What you are asked to do |
Without the pictures, copy all of the data exactly.

Data section |
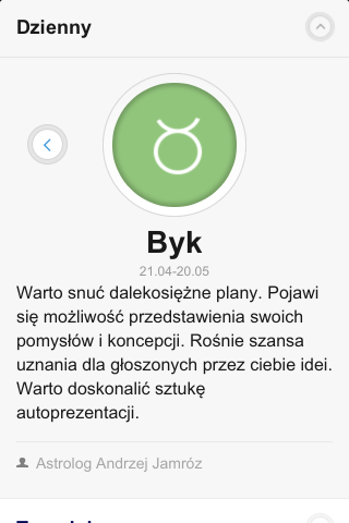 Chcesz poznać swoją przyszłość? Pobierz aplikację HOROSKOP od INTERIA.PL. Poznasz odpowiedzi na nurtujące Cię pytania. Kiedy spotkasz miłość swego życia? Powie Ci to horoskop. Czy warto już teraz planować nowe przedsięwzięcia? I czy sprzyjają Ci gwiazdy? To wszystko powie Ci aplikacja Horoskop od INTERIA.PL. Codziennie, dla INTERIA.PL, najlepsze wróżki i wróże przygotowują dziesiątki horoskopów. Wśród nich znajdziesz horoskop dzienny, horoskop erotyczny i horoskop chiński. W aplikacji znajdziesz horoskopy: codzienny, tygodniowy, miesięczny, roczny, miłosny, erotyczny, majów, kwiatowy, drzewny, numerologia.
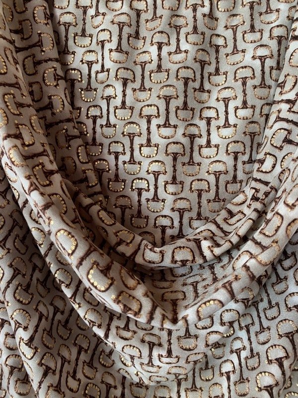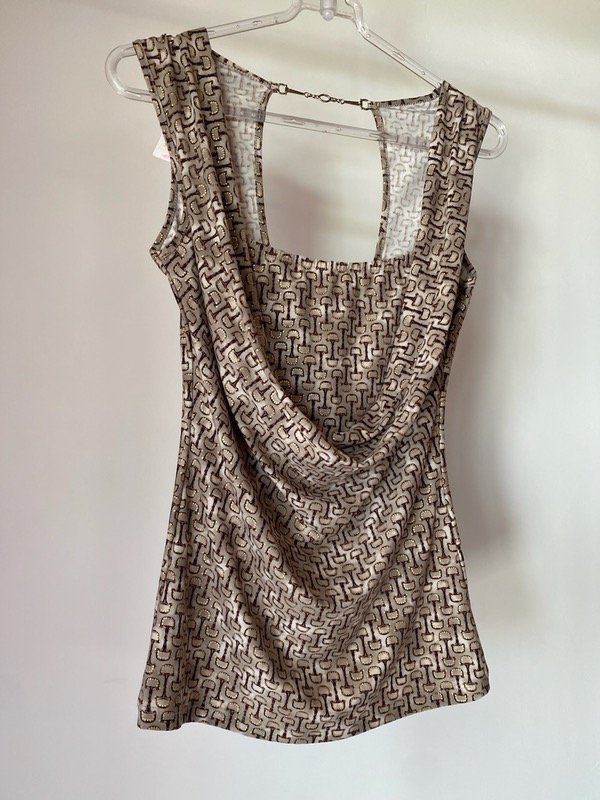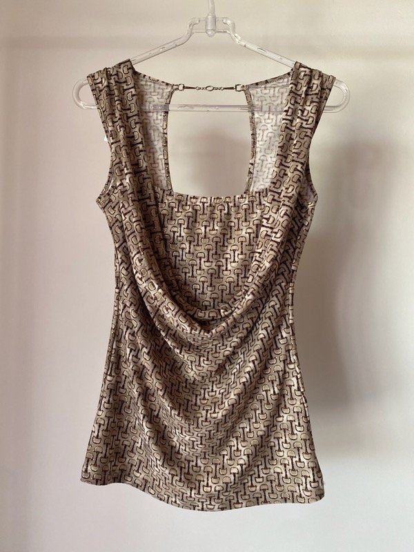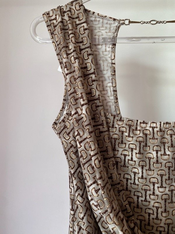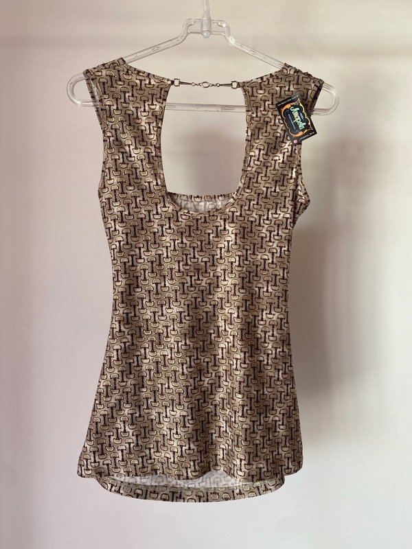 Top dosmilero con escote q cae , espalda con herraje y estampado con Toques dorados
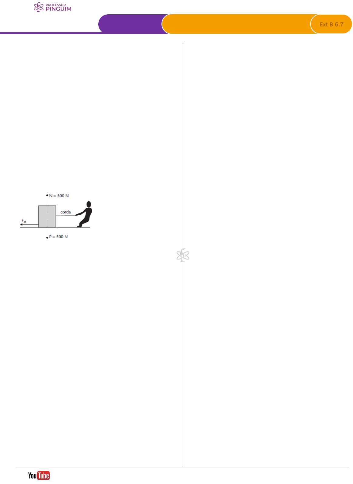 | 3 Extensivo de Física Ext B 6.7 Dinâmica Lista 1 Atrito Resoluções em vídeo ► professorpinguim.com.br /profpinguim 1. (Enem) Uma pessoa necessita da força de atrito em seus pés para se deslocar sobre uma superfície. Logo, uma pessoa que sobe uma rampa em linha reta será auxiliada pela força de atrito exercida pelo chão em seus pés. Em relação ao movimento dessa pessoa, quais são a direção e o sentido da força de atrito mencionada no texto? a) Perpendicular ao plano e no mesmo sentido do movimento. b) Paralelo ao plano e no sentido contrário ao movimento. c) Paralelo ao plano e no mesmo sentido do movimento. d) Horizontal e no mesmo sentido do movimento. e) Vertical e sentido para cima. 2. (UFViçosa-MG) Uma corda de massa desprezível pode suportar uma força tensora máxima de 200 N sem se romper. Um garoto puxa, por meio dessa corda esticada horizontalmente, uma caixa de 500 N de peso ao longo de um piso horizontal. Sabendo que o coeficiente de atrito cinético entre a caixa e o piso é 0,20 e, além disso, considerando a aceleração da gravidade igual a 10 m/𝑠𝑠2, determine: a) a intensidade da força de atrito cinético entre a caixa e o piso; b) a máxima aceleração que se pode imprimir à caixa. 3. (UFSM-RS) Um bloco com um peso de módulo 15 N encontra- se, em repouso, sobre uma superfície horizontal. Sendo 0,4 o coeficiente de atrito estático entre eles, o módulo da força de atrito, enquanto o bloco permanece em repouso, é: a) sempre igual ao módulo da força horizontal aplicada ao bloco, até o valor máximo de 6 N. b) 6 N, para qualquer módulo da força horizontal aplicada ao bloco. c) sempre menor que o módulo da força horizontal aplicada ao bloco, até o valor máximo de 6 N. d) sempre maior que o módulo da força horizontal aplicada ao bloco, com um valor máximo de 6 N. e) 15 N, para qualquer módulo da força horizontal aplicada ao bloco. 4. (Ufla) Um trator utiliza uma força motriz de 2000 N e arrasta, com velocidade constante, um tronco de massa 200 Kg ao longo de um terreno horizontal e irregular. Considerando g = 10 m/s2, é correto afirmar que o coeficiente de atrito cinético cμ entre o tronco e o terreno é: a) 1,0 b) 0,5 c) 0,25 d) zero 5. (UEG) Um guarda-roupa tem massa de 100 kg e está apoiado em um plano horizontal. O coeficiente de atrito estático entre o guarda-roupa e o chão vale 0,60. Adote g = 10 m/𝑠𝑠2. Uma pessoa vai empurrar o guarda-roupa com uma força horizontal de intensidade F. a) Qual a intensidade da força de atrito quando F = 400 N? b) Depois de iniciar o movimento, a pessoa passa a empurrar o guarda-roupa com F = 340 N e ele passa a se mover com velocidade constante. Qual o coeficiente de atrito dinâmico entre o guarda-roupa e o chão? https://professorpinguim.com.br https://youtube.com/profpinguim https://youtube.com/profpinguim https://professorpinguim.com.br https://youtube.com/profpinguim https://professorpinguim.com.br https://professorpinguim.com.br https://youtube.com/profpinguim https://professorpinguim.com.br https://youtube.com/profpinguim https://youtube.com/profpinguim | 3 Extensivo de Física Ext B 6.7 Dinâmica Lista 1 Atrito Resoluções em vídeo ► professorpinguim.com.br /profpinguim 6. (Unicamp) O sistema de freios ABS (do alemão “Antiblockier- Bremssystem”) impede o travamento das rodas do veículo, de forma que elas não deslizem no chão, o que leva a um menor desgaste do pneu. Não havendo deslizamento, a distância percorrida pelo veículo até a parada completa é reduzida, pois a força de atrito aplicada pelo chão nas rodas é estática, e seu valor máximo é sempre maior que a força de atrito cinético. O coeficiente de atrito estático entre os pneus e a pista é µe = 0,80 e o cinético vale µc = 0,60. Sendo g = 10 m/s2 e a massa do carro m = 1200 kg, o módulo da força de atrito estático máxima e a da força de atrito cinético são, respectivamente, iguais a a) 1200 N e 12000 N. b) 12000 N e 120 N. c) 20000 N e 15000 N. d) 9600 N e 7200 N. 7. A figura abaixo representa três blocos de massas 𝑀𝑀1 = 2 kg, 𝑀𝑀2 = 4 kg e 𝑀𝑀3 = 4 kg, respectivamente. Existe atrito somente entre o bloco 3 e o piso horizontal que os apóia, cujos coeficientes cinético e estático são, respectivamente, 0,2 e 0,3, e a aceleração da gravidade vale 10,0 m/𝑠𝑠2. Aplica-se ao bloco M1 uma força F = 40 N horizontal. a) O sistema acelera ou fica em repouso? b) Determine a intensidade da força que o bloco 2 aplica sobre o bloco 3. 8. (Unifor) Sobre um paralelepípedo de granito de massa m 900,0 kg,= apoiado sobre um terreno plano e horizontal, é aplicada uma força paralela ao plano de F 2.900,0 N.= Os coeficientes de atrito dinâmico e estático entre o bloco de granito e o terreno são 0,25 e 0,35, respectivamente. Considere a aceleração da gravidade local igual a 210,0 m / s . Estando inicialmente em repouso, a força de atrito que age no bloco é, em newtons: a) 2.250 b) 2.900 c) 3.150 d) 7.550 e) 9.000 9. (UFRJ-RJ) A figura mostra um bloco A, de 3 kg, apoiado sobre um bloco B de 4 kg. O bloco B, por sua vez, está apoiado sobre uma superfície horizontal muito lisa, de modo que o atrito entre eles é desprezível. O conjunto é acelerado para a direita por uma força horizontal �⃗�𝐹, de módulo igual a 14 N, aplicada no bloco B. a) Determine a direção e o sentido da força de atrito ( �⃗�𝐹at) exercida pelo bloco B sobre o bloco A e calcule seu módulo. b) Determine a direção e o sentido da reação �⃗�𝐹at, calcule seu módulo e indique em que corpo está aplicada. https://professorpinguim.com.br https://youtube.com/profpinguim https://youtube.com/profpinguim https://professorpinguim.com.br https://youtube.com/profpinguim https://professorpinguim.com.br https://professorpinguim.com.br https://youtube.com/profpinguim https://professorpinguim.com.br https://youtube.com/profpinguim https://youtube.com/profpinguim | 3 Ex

Response |
 Chcesz poznać swoją przyszłość? Pobierz aplikację HOROSKOP od INTERIA.PL. Poznasz odpowiedzi na nurtujące Cię pytania. Kiedy spotkasz miłość swego życia? Powie Ci to horoskop. Czy warto już teraz planować nowe przedsięwzięcia? I czy sprzyjają Ci gwiazdy? To wszystko powie Ci aplikacja Horoskop od INTERIA.PL. Codziennie, dla INTERIA.PL, najlepsze wróżki i wróże przygotowują dziesiątki horoskopów. Wśród nich znajdziesz horoskop dzienny, horoskop erotyczny i horoskop chiński. W aplikacji znajdziesz horoskopy: codzienny, tygodniowy, miesięczny, roczny, miłosny, erotyczny, majów, kwiatowy, drzewny, numerologia.
 Top dosmilero con escote q cae , espalda con herraje y estampado con Toques dorados
 | 3 Extensivo de Física Ext B 6.7 Dinâmica Lista 1 Atrito Resoluções em vídeo ► professorpinguim.com.br /profpinguim 1. (Enem) Uma pessoa necessita da força de atrito em seus pés para se deslocar sobre uma superfície. Logo, uma pessoa que sobe uma rampa em linha reta será auxiliada pela força de atrito exercida pelo chão em seus pés. Em relação ao movimento dessa pessoa, quais são a direção e o sentido da força de atrito mencionada no texto? a) Perpendicular ao plano e no mesmo sentido do movimento. b) Paralelo ao plano e no sentido contrário ao movimento. c) Paralelo ao plano e no mesmo sentido do movimento. d) Horizontal e no mesmo sentido do movimento. e) Vertical e sentido para cima. 2. (UFViçosa-MG) Uma corda de massa desprezível pode suportar uma força tensora máxima de 200 N sem se romper. Um garoto puxa, por meio dessa corda esticada horizontalmente, uma caixa de 500 N de peso ao longo de um piso horizontal. Sabendo que o coeficiente de atrito cinético entre a caixa e o piso é 0,20 e, além disso, considerando a aceleração da gravidade igual a 10 m/𝑠𝑠2, determine: a) a intensidade da força de atrito cinético entre a caixa e o piso; b) a máxima aceleração que se pode imprimir à caixa. 3. (UFSM-RS) Um bloco com um peso de módulo 15 N encontra- se, em repouso, sobre uma superfície horizontal. Sendo 0,4 o coeficiente de atrito estático entre eles, o módulo da força de atrito, enquanto o bloco permanece em repouso, é: a) sempre igual ao módulo da força horizontal aplicada ao bloco, até o valor máximo de 6 N. b) 6 N, para qualquer módulo da força horizontal aplicada ao bloco. c) sempre menor que o módulo da força horizontal aplicada ao bloco, até o valor máximo de 6 N. d) sempre maior que o módulo da força horizontal aplicada ao bloco, com um valor máximo de 6 N. e) 15 N, para qualquer módulo da força horizontal aplicada ao bloco. 4. (Ufla) Um trator utiliza uma força motriz de 2000 N e arrasta, com velocidade constante, um tronco de massa 200 Kg ao longo de um terreno horizontal e irregular. Considerando g = 10 m/s2, é correto afirmar que o coeficiente de atrito cinético cμ entre o tronco e o terreno é: a) 1,0 b) 0,5 c) 0,25 d) zero 5. (UEG) Um guarda-roupa tem massa de 100 kg e está apoiado em um plano horizontal. O coeficiente de atrito estático entre o guarda-roupa e o chão vale 0,60. Adote g = 10 m/𝑠𝑠2. Uma pessoa vai empurrar o guarda-roupa com uma força horizontal de intensidade F. a) Qual a intensidade da força de atrito quando F = 400 N? b) Depois de iniciar o movimento, a pessoa passa a empurrar o guarda-roupa com F = 340 N e ele passa a se mover com velocidade constante. Qual o coeficiente de atrito dinâmico entre o guarda-roupa e o chão? https://professorpinguim.com.br https://youtube.com/profpinguim https://youtube.com/profpinguim https://professorpinguim.com.br https://youtube.com/profpinguim https://professorpinguim.com.br https://professorpinguim.com.br https://youtube.com/profpinguim https://professorpinguim.com.br https://youtube.com/profpinguim https://youtube.com/profpinguim | 3 Extensivo de Física Ext B 6.7 Dinâmica Lista 1 Atrito Resoluções em vídeo ► professorpinguim.com.br /profpinguim 6. (Unicamp) O sistema de freios ABS (do alemão “Antiblockier- Bremssystem”) impede o travamento das rodas do veículo, de forma que elas não deslizem no chão, o que leva a um menor desgaste do pneu. Não havendo deslizamento, a distância percorrida pelo veículo até a parada completa é reduzida, pois a força de atrito aplicada pelo chão nas rodas é estática, e seu valor máximo é sempre maior que a força de atrito cinético. O coeficiente de atrito estático entre os pneus e a pista é µe = 0,80 e o cinético vale µc = 0,60. Sendo g = 10 m/s2 e a massa do carro m = 1200 kg, o módulo da força de atrito estático máxima e a da força de atrito cinético são, respectivamente, iguais a a) 1200 N e 12000 N. b) 12000 N e 120 N. c) 20000 N e 15000 N. d) 9600 N e 7200 N. 7. A figura abaixo representa três blocos de massas 𝑀𝑀1 = 2 kg, 𝑀𝑀2 = 4 kg e 𝑀𝑀3 = 4 kg, respectivamente. Existe atrito somente entre o bloco 3 e o piso horizontal que os apóia, cujos coeficientes cinético e estático são, respectivamente, 0,2 e 0,3, e a aceleração da gravidade vale 10,0 m/𝑠𝑠2. Aplica-se ao bloco M1 uma força F = 40 N horizontal. a) O sistema acelera ou fica em repouso? b) Determine a intensidade da força que o bloco 2 aplica sobre o bloco 3. 8. (Unifor) Sobre um paralelepípedo de granito de massa m 900,0 kg,= apoiado sobre um terreno plano e horizontal, é aplicada uma força paralela ao plano de F 2.900,0 N.= Os coeficientes de atrito dinâmico e estático entre o bloco de granito e o terreno são 0,25 e 0,35, respectivamente. Considere a aceleração da gravidade local igual a 210,0 m / s . Estando inicialmente em repouso, a força de atrito que age no bloco é, em newtons: a) 2.250 b) 2.900 c) 3.150 d) 7.550 e) 9.000 9. (UFRJ-RJ) A figura mostra um bloco A, de 3 kg, apoiado sobre um bloco B de 4 kg. O bloco B, por sua vez, está apoiado sobre uma superfície horizontal muito lisa, de modo que o atrito entre eles é desprezível. O conjunto é acelerado para a direita por uma força horizontal �⃗�𝐹, de módulo igual a 14 N, aplicada no bloco B. a) Determine a direção e o sentido da força de atrito ( �⃗�𝐹at) exercida pelo bloco B sobre o bloco A e calcule seu módulo. b) Determine a direção e o sentido da reação �⃗�𝐹at, calcule seu módulo e indique em que corpo está aplicada. https://professorpinguim.com.br https://youtube.com/profpinguim https://youtube.com/profpinguim https://professorpinguim.com.br https://youtube.com/profpinguim https://professorpinguim.com.br https://professorpinguim.com.br https://youtube.com/profpinguim https://professorpinguim.com.br https://youtube.com/profpinguim https://youtube.com/profpinguim | 3 Ex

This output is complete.